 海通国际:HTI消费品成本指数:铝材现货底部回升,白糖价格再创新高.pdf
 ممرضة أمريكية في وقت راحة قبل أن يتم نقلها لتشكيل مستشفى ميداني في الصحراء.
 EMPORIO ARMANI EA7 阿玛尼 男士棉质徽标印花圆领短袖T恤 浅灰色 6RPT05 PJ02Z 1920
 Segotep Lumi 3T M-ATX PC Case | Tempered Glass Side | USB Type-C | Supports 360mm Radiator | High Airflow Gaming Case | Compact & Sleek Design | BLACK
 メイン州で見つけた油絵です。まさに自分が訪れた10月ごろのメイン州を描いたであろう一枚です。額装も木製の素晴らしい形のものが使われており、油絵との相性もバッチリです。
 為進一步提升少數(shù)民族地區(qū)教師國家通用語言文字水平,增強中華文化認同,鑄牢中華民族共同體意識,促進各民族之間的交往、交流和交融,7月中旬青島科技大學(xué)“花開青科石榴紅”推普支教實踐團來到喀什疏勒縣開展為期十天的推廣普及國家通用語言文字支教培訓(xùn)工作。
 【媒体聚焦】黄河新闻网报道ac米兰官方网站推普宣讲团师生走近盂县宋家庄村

★ ★ ★ ★

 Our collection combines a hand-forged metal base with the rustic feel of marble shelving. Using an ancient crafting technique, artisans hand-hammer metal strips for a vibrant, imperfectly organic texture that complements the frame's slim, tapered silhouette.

★ ★ ★ ★

Look above for the line holding "ممرضة أمريكية في". Print it and every line after it, exactly, through the line holding "メイン州で見つけた油絵です。".

ANSWER TO THE EXERCISE →
 ممرضة أمريكية في وقت راحة قبل أن يتم نقلها لتشكيل مستشفى ميداني في الصحراء.
 EMPORIO ARMANI EA7 阿玛尼 男士棉质徽标印花圆领短袖T恤 浅灰色 6RPT05 PJ02Z 1920
 Segotep Lumi 3T M-ATX PC Case | Tempered Glass Side | USB Type-C | Supports 360mm Radiator | High Airflow Gaming Case | Compact & Sleek Design | BLACK
 メイン州で見つけた油絵です。まさに自分が訪れた10月ごろのメイン州を描いたであろう一枚です。額装も木製の素晴らしい形のものが使われており、油絵との相性もバッチリです。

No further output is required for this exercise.